Incremental Loading for Dimension Table
In our previous article we have discussed the concept of incremental loading in general. In this article we will see how to perform incremental loading for dimension tables.
Should we do incremental loading for dimensions?
In a dimensional model, we may perform incremental loading for dimension tables also. One may argue that this wont be necessary as data volume in dimension tables are not as high as the data volumes in the fact tables, hence we can simply do a full load every time.
I personally do not agree to this argument. This is because during the last few years I have seen tremendous growth in the data in dimension tables and things can get quite heavy especially if we are trying to load SCD type 2 dimensions. Anyway, without much ado, let's delve deep.

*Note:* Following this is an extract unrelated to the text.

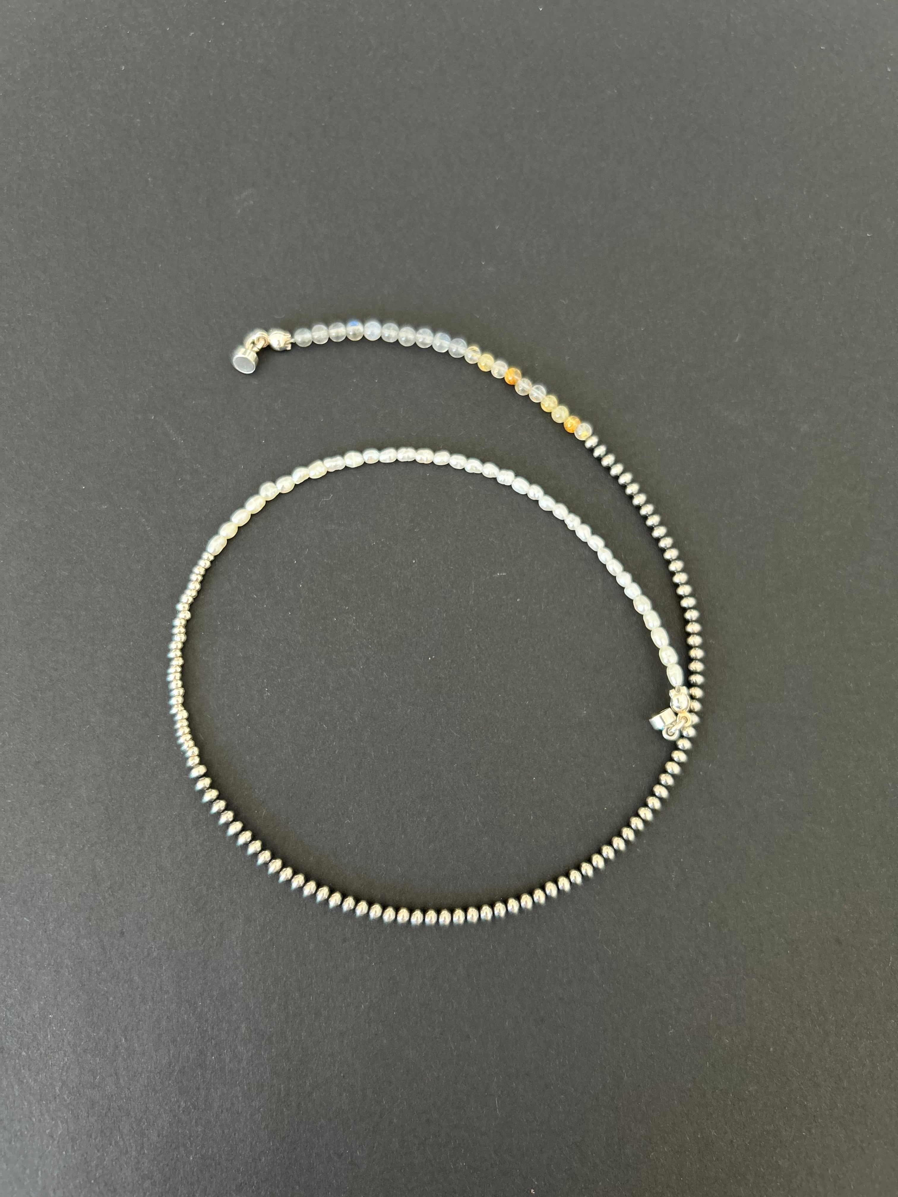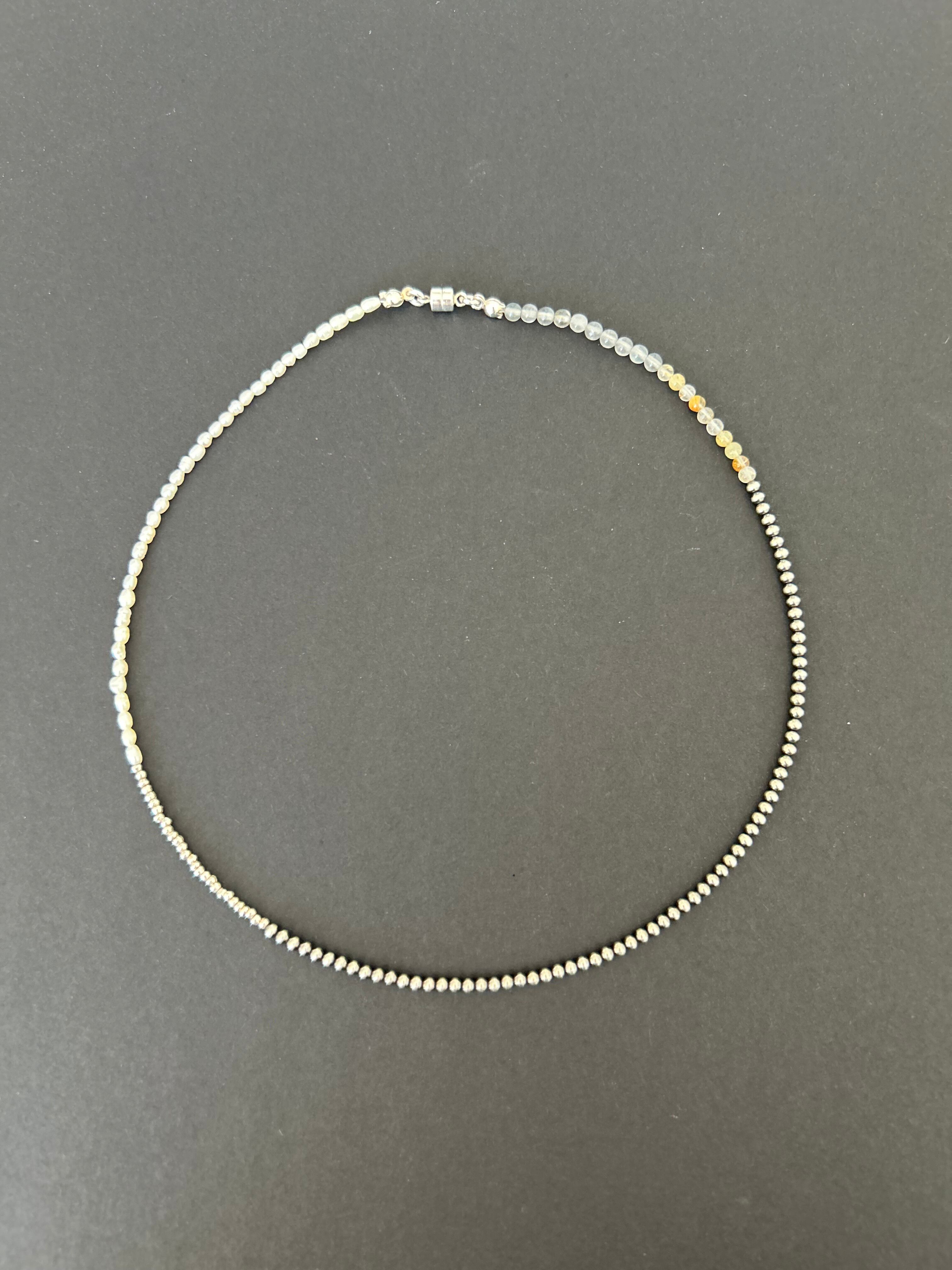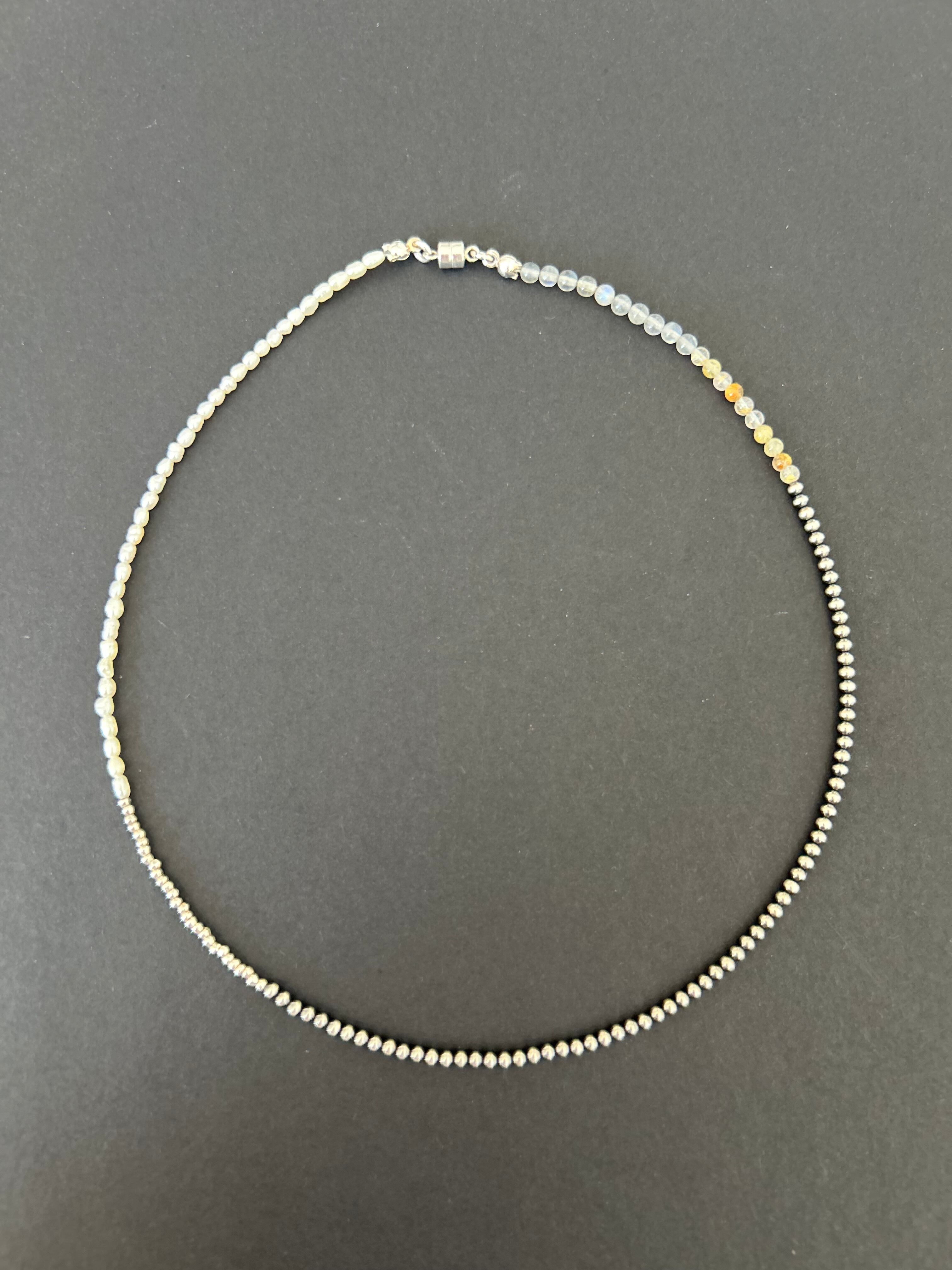 【約40cm】ルチルクォーツとラブラドライト ナバホパールネックレス カレンシルバーとケシパール
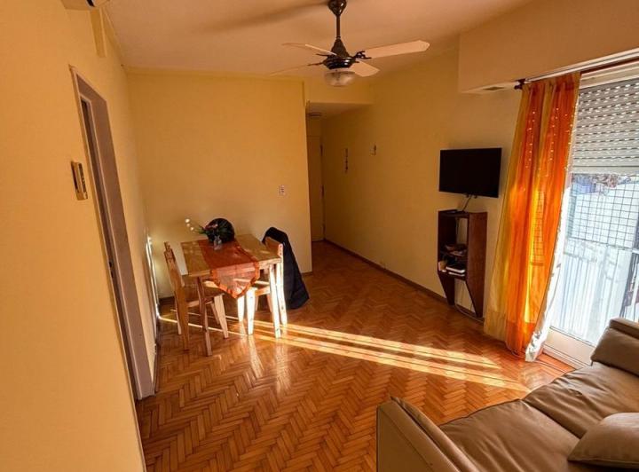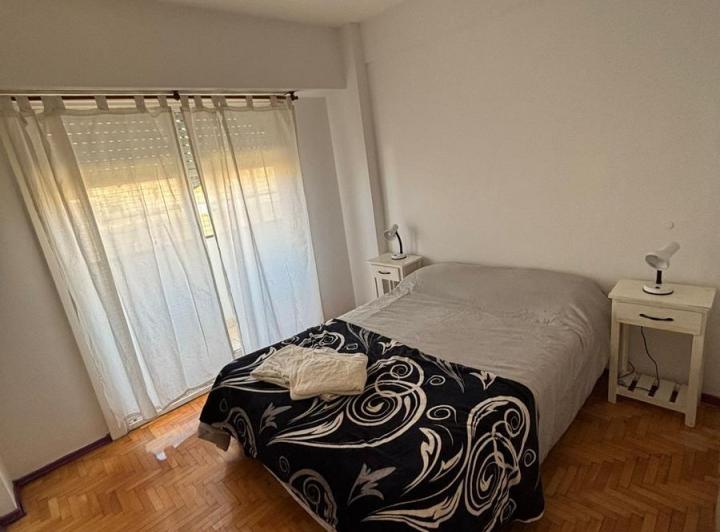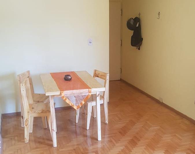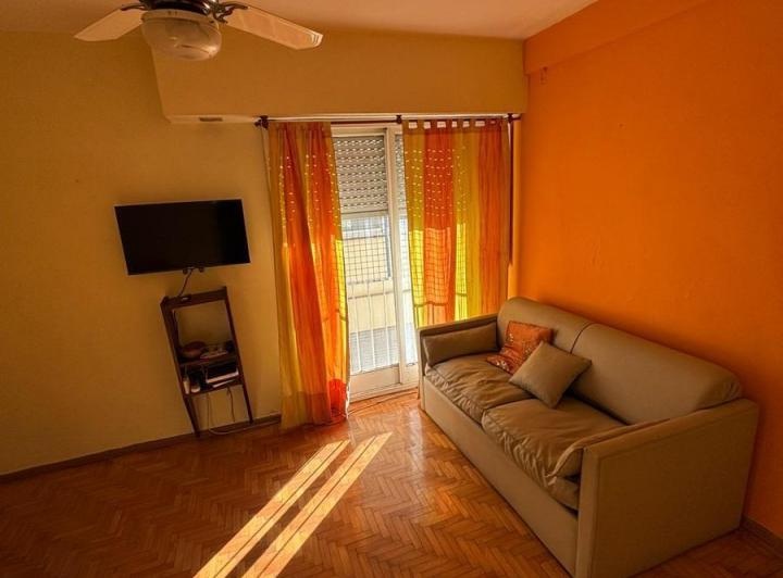 Apartamento de 2 ambientes em San Telmo, com 45 m² no total, com varanda ampla voltada para os fundos. Mobiliado e equipado, com piso de parquet plastificado e ar-condicionado frio/quente. Sala com mesa de madeira para 4 cadeiras, sofá-cama, TV de 32" e biblioteca; dormitório com cama de casal, guarda-roupa amplo, mesas de cabeceira, ventilador e porta-janel a para a varanda. Cozinha completa com micro-ondas, cafeteira, chaleira elétrica, geladeira, forno e fogão de 4 bocas, além de termotanque

Standard Method of Loading
Like before, for our purpose we will assume we have the below customer table in our source system from where we need to perform the data loading.
CustomerID CustomerName Type LastUpdatedDate
1 John Individual 22-Mar-2012
2 Ryan Individual 22-Mar-2012
3 Bakers' Corporate 23-Mar-2012
As discussed in the previous article, a typical SQL query to extract data incrementally from this source system will be like this:
SELECT t.*
FROM Customer t
WHERE t.lastUpdatedDate > (select nvl(
max(b.loaded_until),
to_date('01-01-1900', 'MM-DD-YYYY')
)
from batch b
where b.status = 'Success'
);
Here "batch" is a separate table which stores the date until which we have successfully extracted the data.
Batch_ID Loaded_Until Status
1 22-Mar-2012 Success
2 23-Mar-2012 Success
Which one to use: "Entry Date" / "Load Date" or "Last Update Date"?
In an incremental load methodology, we should extract the record when it is first created and after that whenever the record is updated. Therefore, we should always look for "last update date" column for extracting records. This is because, "entry date" or "load date" columns in the source systems are not enough to determine if the record is updated in the later point in time.
Often source systems maintain 2 different columns as load_date and last_update_date. When extracting data based on "last update date", ensure that source systems always populate "last updated date" field with "load date" when the record is first created.
What are the benefits of incremental loading of dimension tables?
Once we extract records incrementally based on their last update date, we can compare each record with the target based on their natural keys and determine if the record is a new record or updated record.
However, if we do not extract incrementally (and every time extract all the records from source), then the number of records to compare against target will be much higher resulting into performance degradation. If we are doing incremental loading, records that do not have any change will not come - only new or updatable records will come. But if we are doing full load, everything will come irrespective of any change.